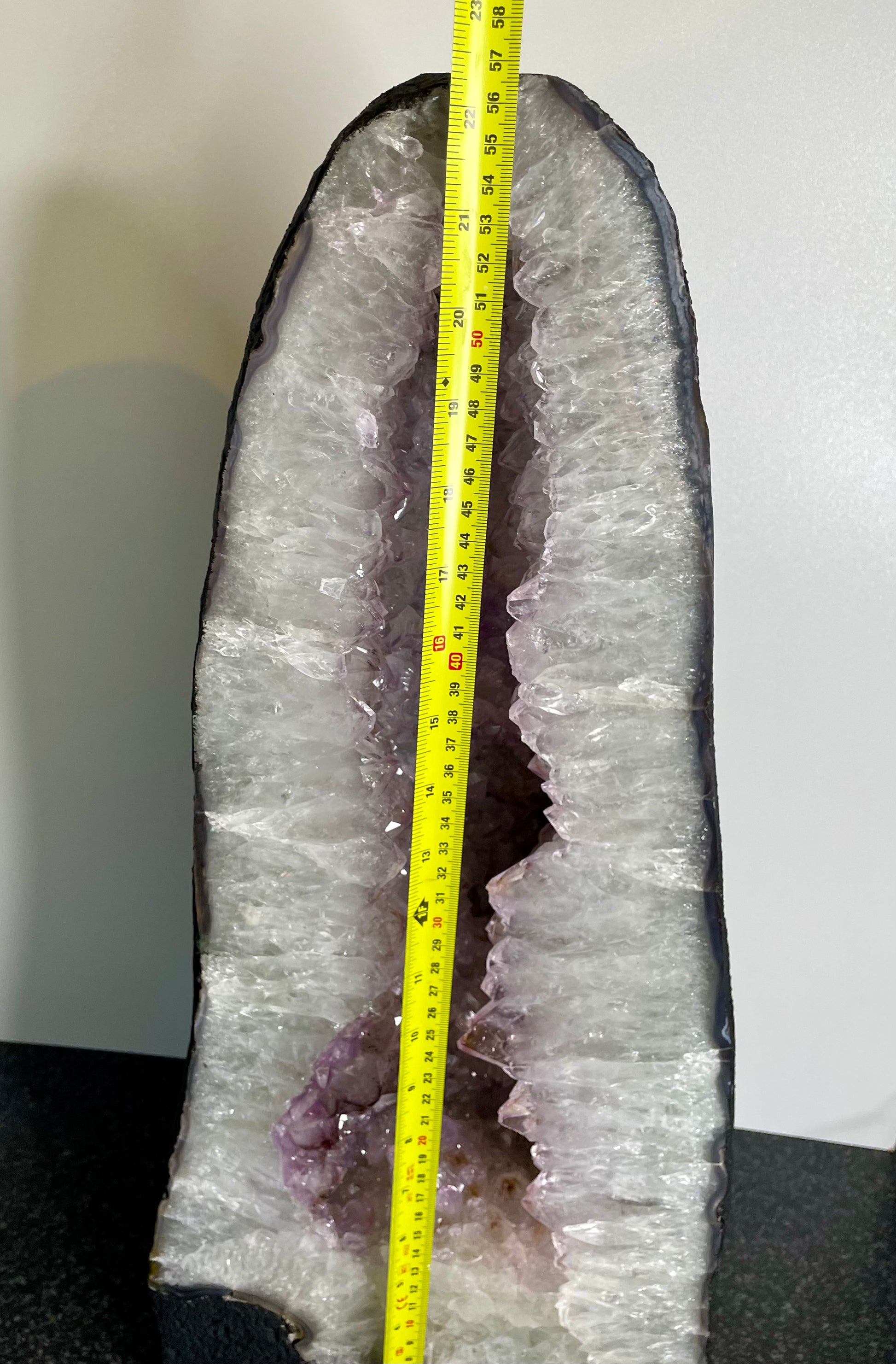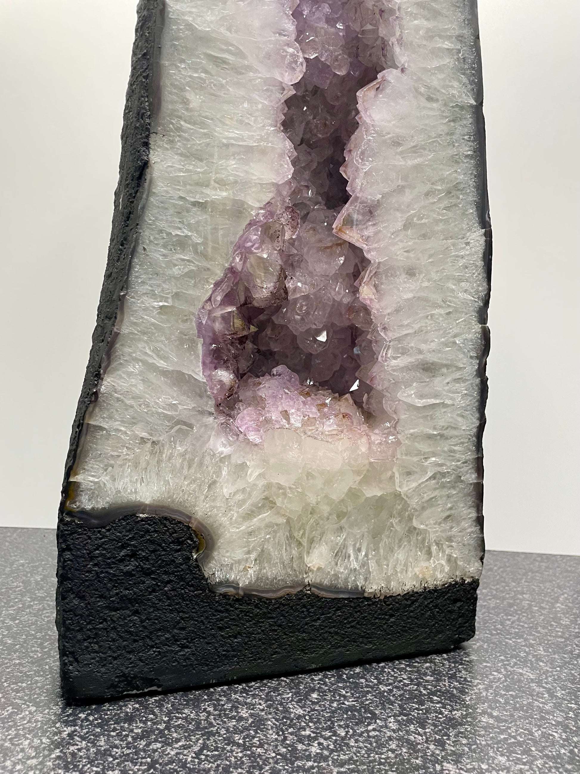 This imposing snowy amethyst church geode measures 57cm in height and weighs 35.2kg, featuring a majestic cluster of deep purple amethyst crystals set against a backdrop of white quartz. Its substantial size and weight make it ideal for collectors seeking a statement piece, while its crystalline structure supports a calming and balancing environment. Expertly sourced, this geode exemplifies natural beauty and offers enhanced energetic properties suitable for both decorative and spiritual use.
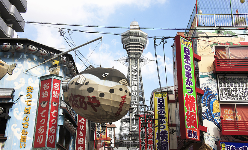 本場の街。なにわのシンボル通天閣も。
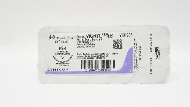 - Ethicon VCP935 4-0 Vicryl Plus Stre PS-1 24mm 3/8c Reverse Cutting 27in (x)
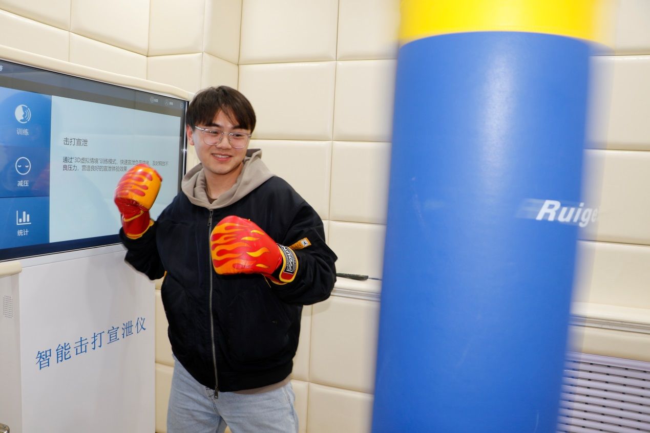 同学们在指导下体验智能击打宣泄仪和VR心理放松系统
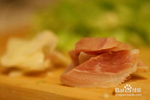 火腿切片、大蒜切片。
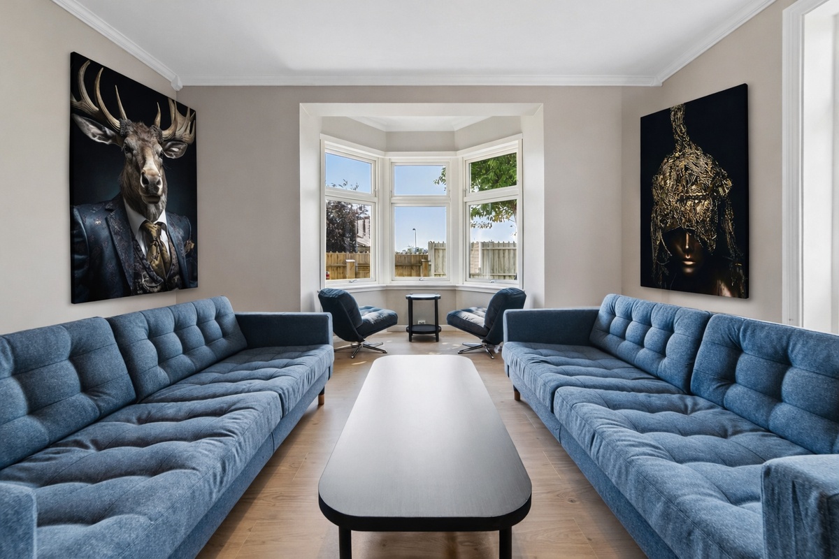 Dette er et fullt møblert, godt vedlikeholdt og godt organisert bo-kollektiv. Villaen har 5 soverom. Alle soverommene er godkjente soverom, med store og gode rømningsveier, toppmoderne el-anlegg, nytt brannslukningsapparat og nye røykvarslere. Huset har smartlås, hvor man bruker kode for å komme inn. Huset har 3 stk. bad med WC og dusjmulighet. Det finnes også vaskemaskin som kan benyttes av hele leiligheten. Boligen går over ett plan og det finnes en stor og fin stue, spisestue og fint og romslig kjøkken med alt av hvitevarer. Det finnes to balkonger med hagemøbler og sol fra kl. 11. til solnedgang.
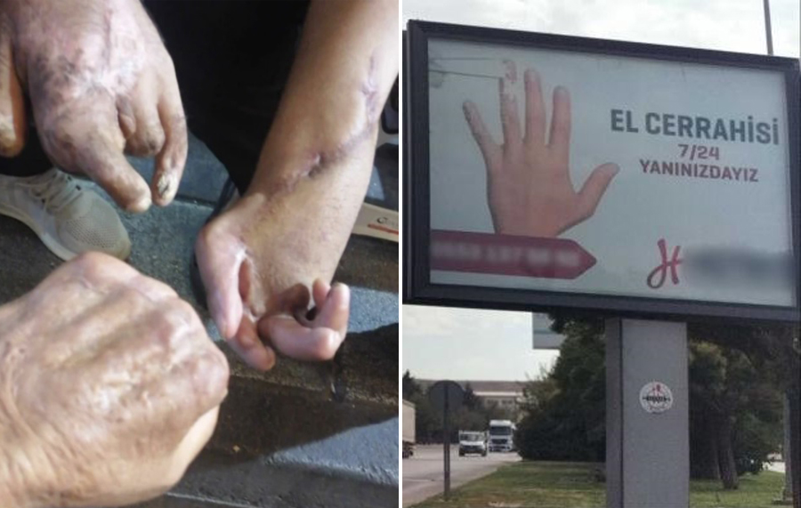 Gaziantep (OSB) girişinde billboardlarda bir reklam sizi karşılıyor: “El cerrahisi 7/24 yanınızdayız.” Belki daha önce iş kazası geçirmeyen birisi için anlamsız ya da çarpıcı gelmiyor olabilir ama patronlar için ilgi çekici reklamlar bunlar, mağdurlar içinse ürkütücü. Yılda kaç kişi iş kazalarından dolayı uzuv kaybı yaşıyor, buna dair elimizde net bir veri yok. Ama Ali’nin çalıştığı Akınal Sentetik fabrikasında yaşananlar bu oranın yüksek olduğunu gösteriyor.
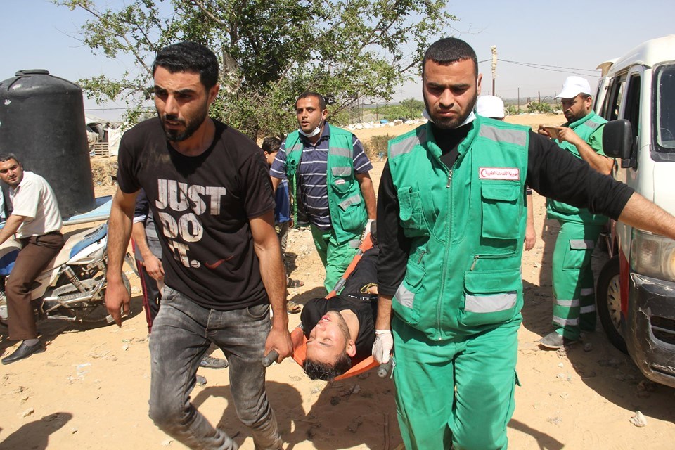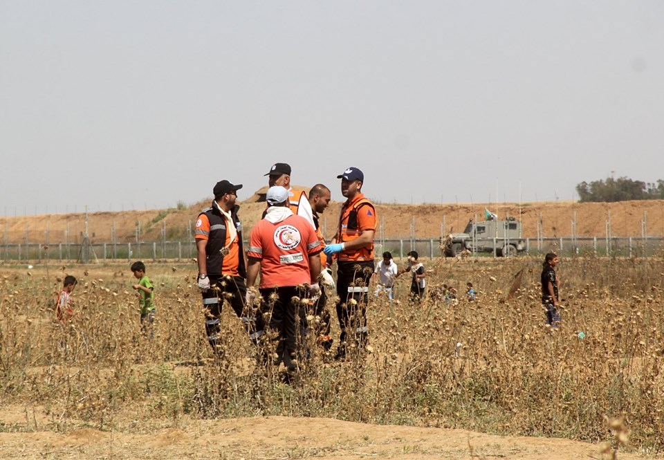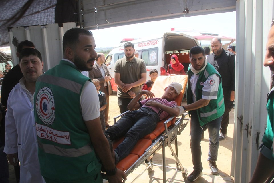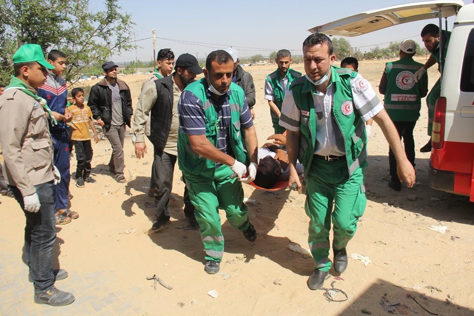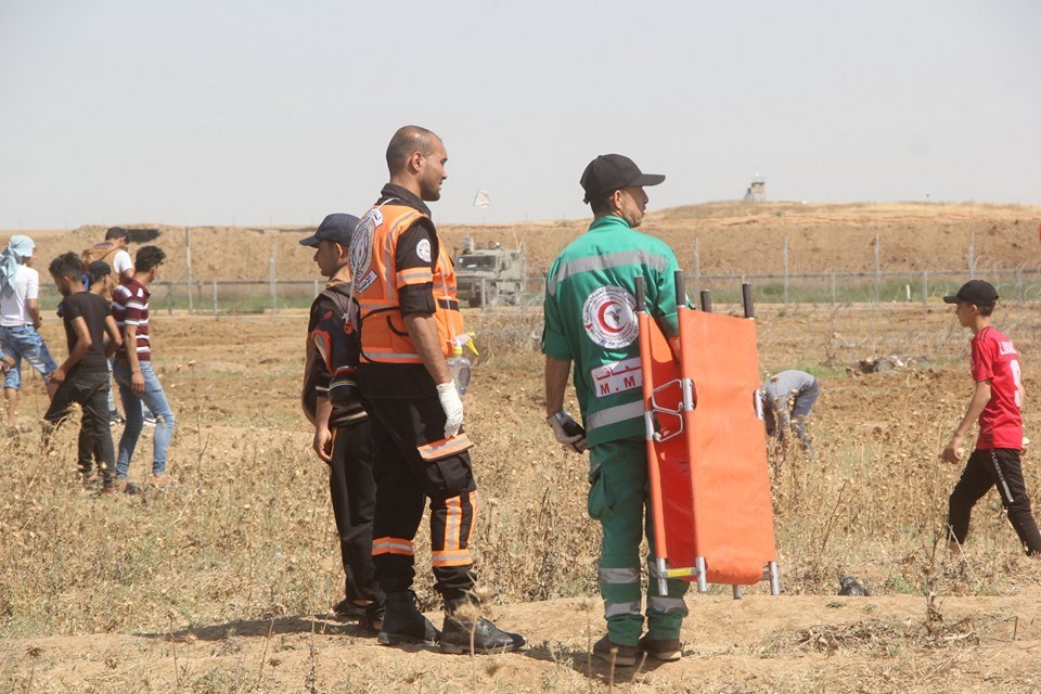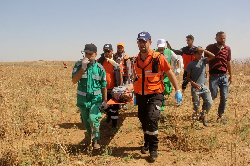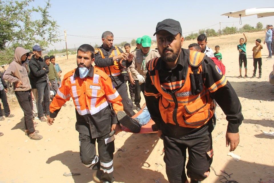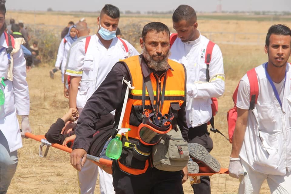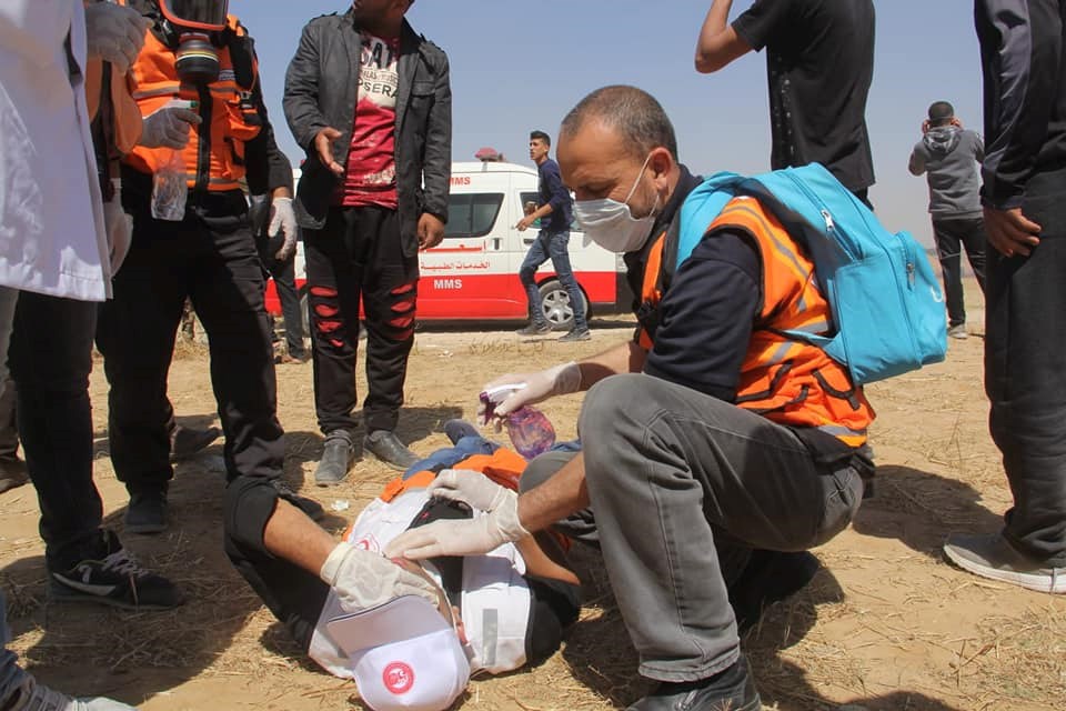 عادل المشهراوي من الخدمات الطبية بعيار مطاطي بالرأس خلال إسعافهما الجرحى بمنطقة
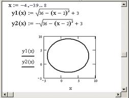 Таким образом, для построения окружности необходимо задать две функции: верхнюю и нижнюю полуокружности. Диапазон значений аргумента вычисляется следующим образом:
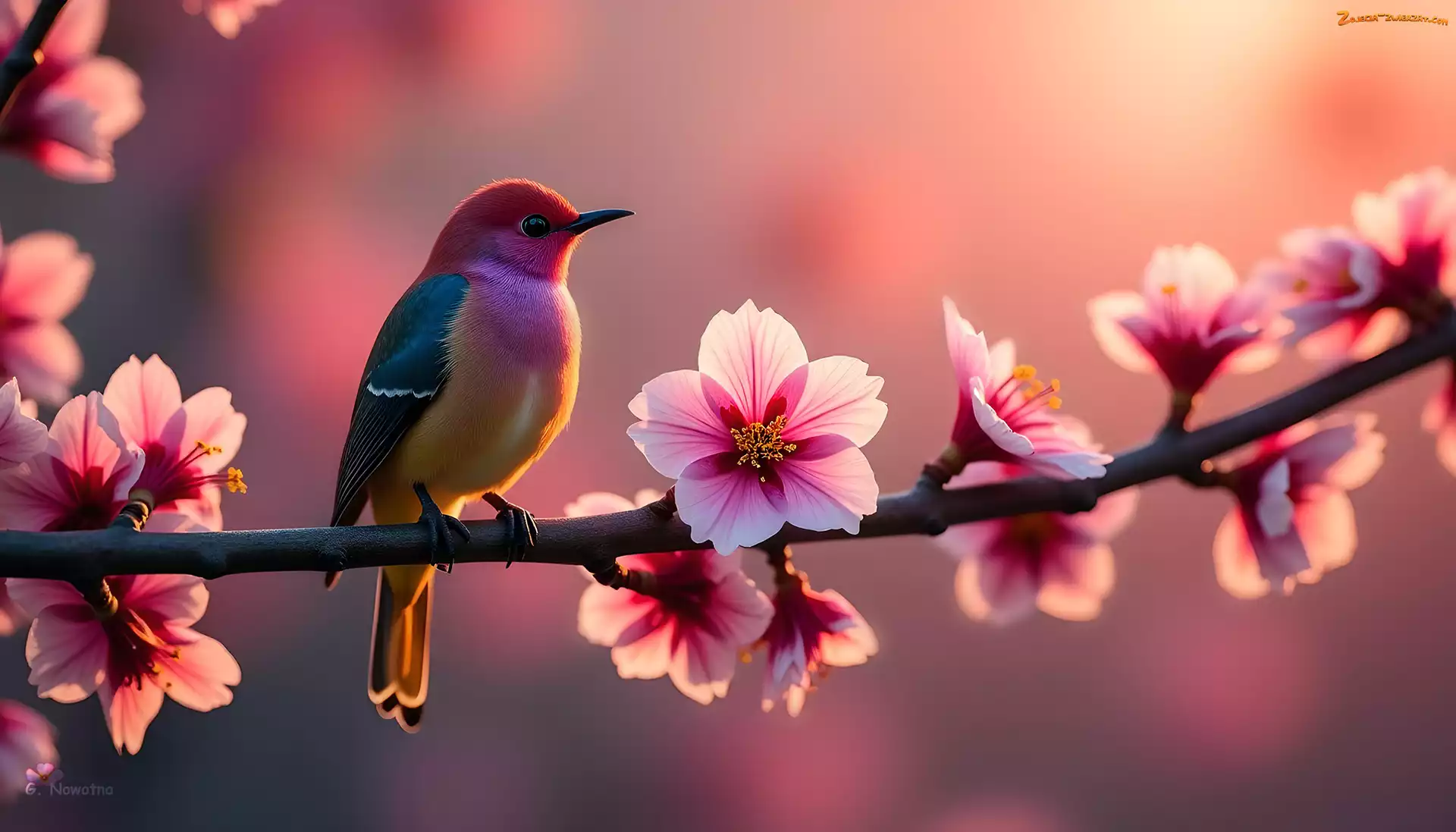 Zdjęcie: Kwiaty, Różowe, Grafika, Kolorowy, Ptak
__________
▶ [PROBLEM DETAILS] Repeat all entries exactly. Skip the pictures.

▶ [REPLY TO THE TASK]
 This imposing snowy amethyst church geode measures 57cm in height and weighs 35.2kg, featuring a majestic cluster of deep purple amethyst crystals set against a backdrop of white quartz. Its substantial size and weight make it ideal for collectors seeking a statement piece, while its crystalline structure supports a calming and balancing environment. Expertly sourced, this geode exemplifies natural beauty and offers enhanced energetic properties suitable for both decorative and spiritual use.
 本場の街。なにわのシンボル通天閣も。
 - Ethicon VCP935 4-0 Vicryl Plus Stre PS-1 24mm 3/8c Reverse Cutting 27in (x)
 同学们在指导下体验智能击打宣泄仪和VR心理放松系统
 火腿切片、大蒜切片。
 Dette er et fullt møblert, godt vedlikeholdt og godt organisert bo-kollektiv. Villaen har 5 soverom. Alle soverommene er godkjente soverom, med store og gode rømningsveier, toppmoderne el-anlegg, nytt brannslukningsapparat og nye røykvarslere. Huset har smartlås, hvor man bruker kode for å komme inn. Huset har 3 stk. bad med WC og dusjmulighet. Det finnes også vaskemaskin som kan benyttes av hele leiligheten. Boligen går over ett plan og det finnes en stor og fin stue, spisestue og fint og romslig kjøkken med alt av hvitevarer. Det finnes to balkonger med hagemøbler og sol fra kl. 11. til solnedgang.
 Gaziantep (OSB) girişinde billboardlarda bir reklam sizi karşılıyor: “El cerrahisi 7/24 yanınızdayız.” Belki daha önce iş kazası geçirmeyen birisi için anlamsız ya da çarpıcı gelmiyor olabilir ama patronlar için ilgi çekici reklamlar bunlar, mağdurlar içinse ürkütücü. Yılda kaç kişi iş kazalarından dolayı uzuv kaybı yaşıyor, buna dair elimizde net bir veri yok. Ama Ali’nin çalıştığı Akınal Sentetik fabrikasında yaşananlar bu oranın yüksek olduğunu gösteriyor.
 عادل المشهراوي من الخدمات الطبية بعيار مطاطي بالرأس خلال إسعافهما الجرحى بمنطقة
 Таким образом, для построения окружности необходимо задать две функции: верхнюю и нижнюю полуокружности. Диапазон значений аргумента вычисляется следующим образом:
 Zdjęcie: Kwiaty, Różowe, Grafika, Kolorowy, Ptak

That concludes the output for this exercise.